Task statement
What is needed is an exact repetition of the lines from the first one in the data through the line with "Jos kopioitavan seinän", with no pictures.

[Recorded data]
◇ ◇ ◇ ◇ ◇
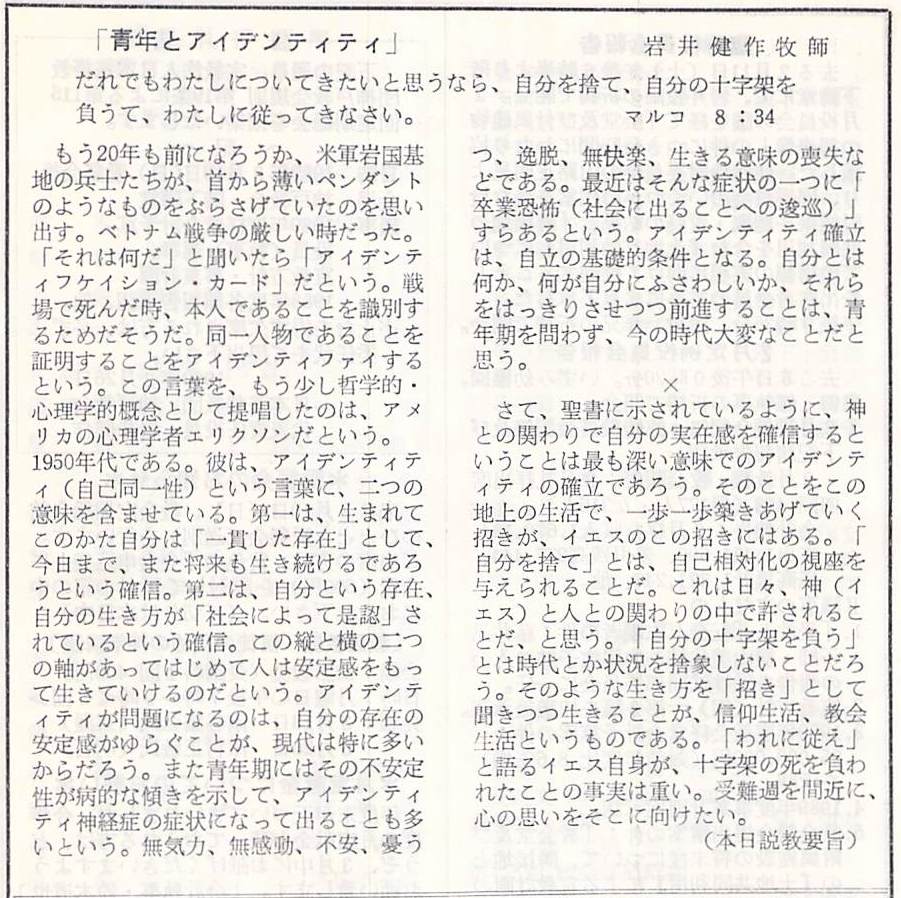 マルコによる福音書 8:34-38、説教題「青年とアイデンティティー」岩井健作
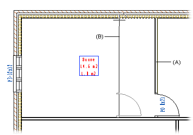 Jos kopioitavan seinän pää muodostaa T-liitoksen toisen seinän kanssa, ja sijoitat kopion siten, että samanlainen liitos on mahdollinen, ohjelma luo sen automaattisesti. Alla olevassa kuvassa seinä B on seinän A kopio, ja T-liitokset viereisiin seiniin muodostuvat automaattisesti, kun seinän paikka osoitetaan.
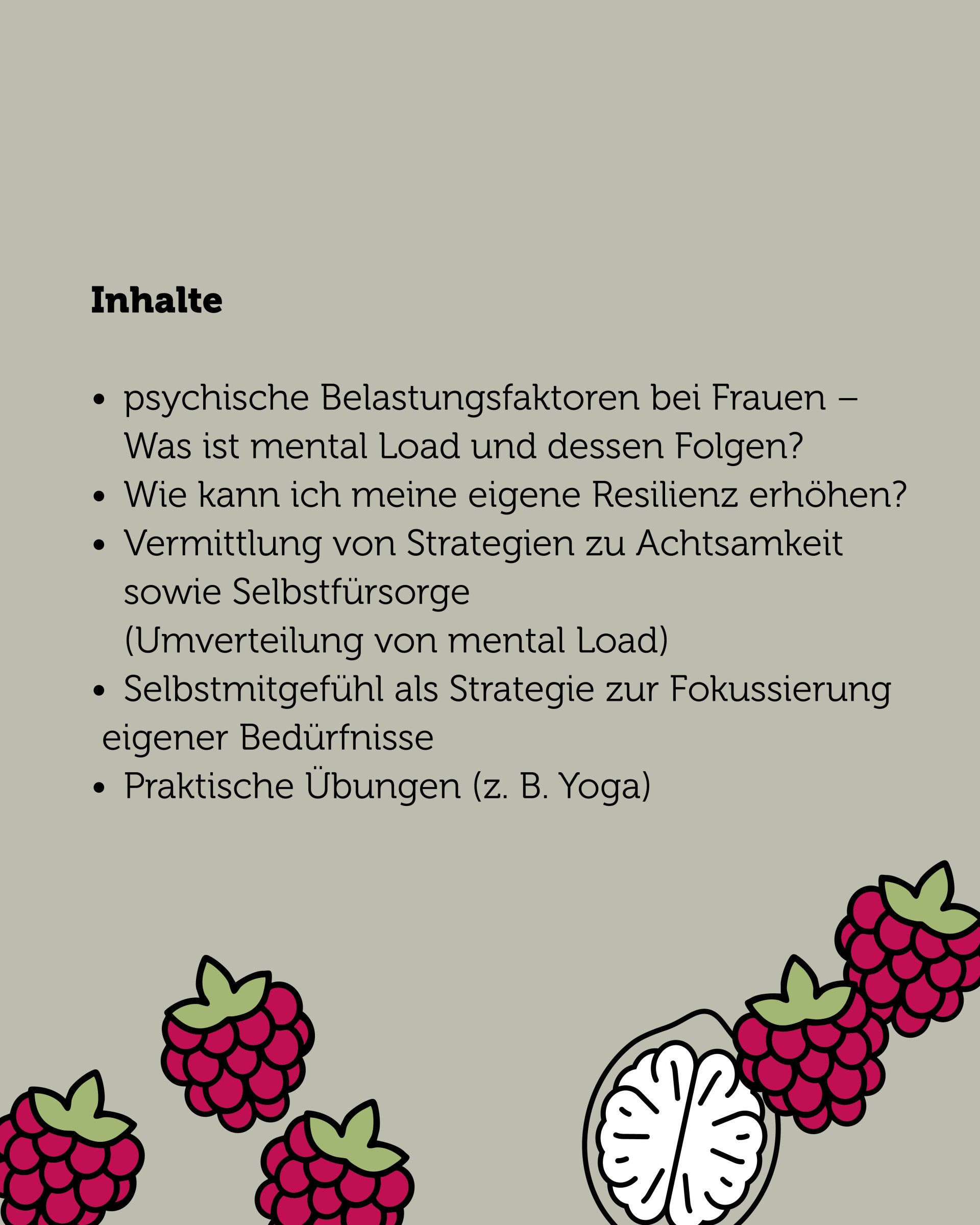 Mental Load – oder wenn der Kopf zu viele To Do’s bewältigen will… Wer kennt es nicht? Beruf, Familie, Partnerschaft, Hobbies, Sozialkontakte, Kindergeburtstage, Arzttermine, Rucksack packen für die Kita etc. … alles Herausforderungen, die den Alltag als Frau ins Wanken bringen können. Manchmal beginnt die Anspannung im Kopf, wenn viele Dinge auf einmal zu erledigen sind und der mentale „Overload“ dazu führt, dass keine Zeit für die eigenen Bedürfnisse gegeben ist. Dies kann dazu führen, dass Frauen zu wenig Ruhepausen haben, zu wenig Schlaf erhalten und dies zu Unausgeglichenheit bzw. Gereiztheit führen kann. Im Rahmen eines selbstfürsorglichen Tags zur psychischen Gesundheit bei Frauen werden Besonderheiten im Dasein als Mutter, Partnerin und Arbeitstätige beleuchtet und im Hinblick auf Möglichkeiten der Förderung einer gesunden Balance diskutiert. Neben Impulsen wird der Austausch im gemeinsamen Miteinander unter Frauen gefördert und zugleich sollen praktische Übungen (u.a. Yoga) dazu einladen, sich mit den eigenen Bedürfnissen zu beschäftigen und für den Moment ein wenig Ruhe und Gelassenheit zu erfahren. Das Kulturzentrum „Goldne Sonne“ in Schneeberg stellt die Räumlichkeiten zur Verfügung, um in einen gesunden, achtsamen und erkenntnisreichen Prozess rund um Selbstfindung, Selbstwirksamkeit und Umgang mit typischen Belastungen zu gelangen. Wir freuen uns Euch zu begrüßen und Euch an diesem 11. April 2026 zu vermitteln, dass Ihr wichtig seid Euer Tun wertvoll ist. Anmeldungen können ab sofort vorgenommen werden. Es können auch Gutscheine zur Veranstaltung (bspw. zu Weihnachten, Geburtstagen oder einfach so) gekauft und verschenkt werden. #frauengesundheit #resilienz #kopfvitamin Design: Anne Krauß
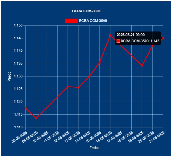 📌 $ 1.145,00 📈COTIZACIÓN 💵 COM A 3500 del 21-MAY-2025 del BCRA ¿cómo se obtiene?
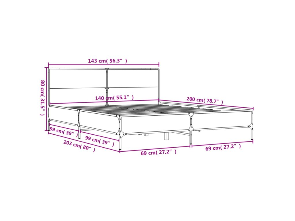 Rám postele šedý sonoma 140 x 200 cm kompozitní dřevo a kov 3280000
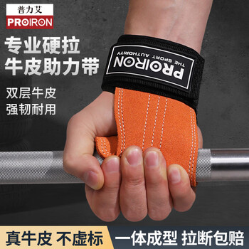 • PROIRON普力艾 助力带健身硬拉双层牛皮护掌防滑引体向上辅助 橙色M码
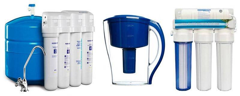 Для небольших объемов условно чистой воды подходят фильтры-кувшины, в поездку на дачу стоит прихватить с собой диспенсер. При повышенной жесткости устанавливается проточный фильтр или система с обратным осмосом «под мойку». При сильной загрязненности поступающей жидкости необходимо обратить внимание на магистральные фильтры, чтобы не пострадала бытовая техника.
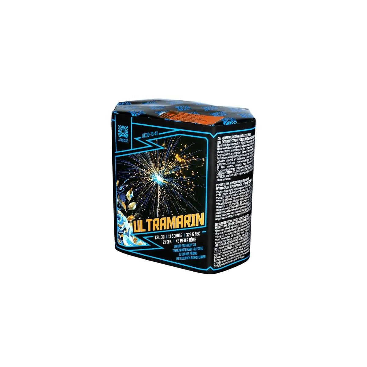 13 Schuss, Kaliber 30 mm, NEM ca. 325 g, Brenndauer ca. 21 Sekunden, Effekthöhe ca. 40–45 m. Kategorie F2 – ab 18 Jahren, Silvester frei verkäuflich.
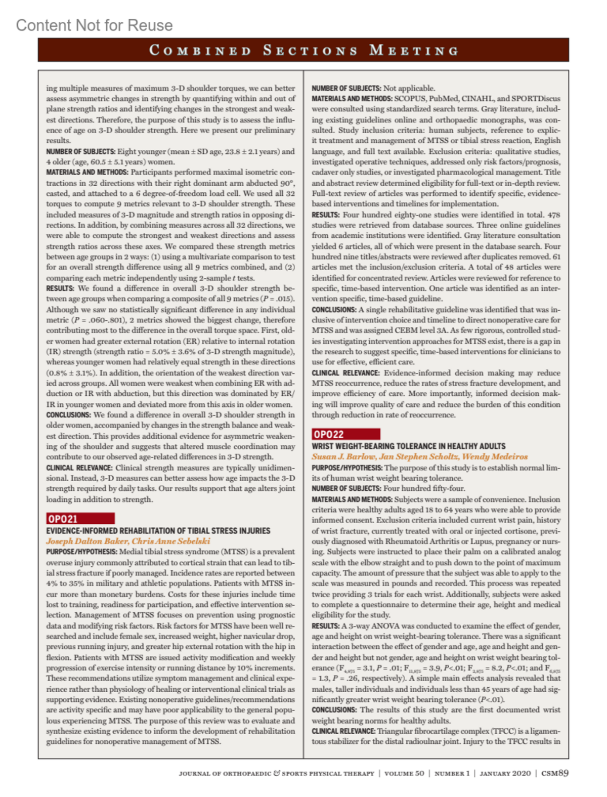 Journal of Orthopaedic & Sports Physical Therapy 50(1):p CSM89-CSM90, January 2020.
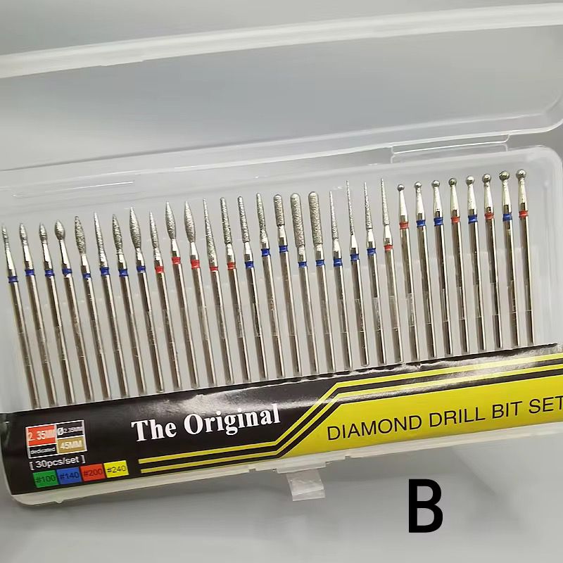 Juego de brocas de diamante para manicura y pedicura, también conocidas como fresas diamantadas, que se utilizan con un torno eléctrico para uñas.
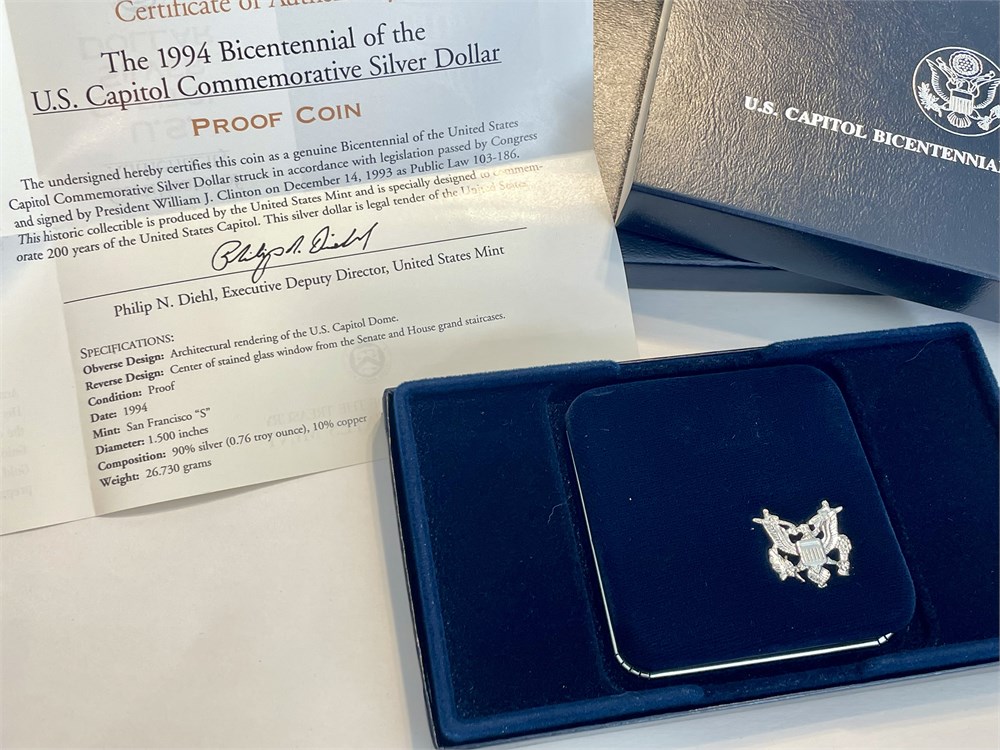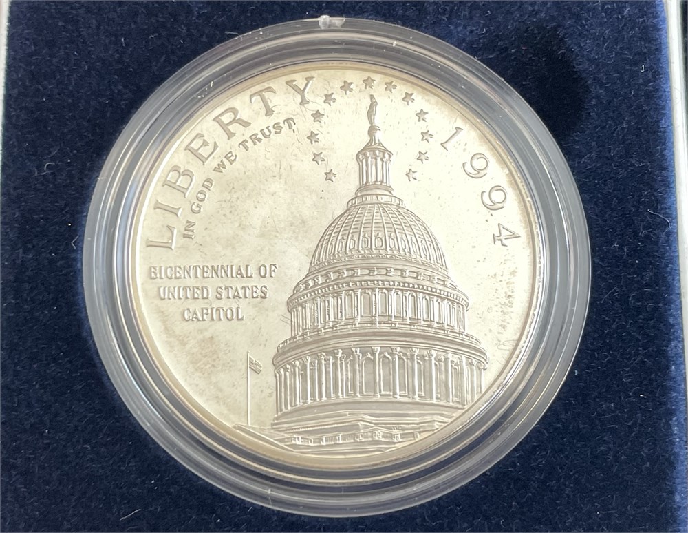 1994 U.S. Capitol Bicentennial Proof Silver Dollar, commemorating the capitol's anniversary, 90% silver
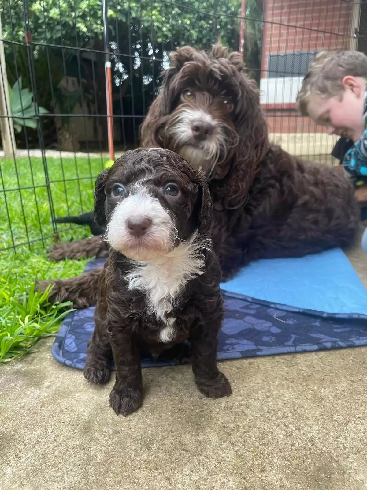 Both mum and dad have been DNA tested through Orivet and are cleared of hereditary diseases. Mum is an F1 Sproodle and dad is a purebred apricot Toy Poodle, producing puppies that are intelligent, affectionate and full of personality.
◇ ◇ ◇ ◇ ◇
Output for this exercise
 マルコによる福音書 8:34-38、説教題「青年とアイデンティティー」岩井健作
 Jos kopioitavan seinän pää muodostaa T-liitoksen toisen seinän kanssa, ja sijoitat kopion siten, että samanlainen liitos on mahdollinen, ohjelma luo sen automaattisesti. Alla olevassa kuvassa seinä B on seinän A kopio, ja T-liitokset viereisiin seiniin muodostuvat automaattisesti, kun seinän paikka osoitetaan.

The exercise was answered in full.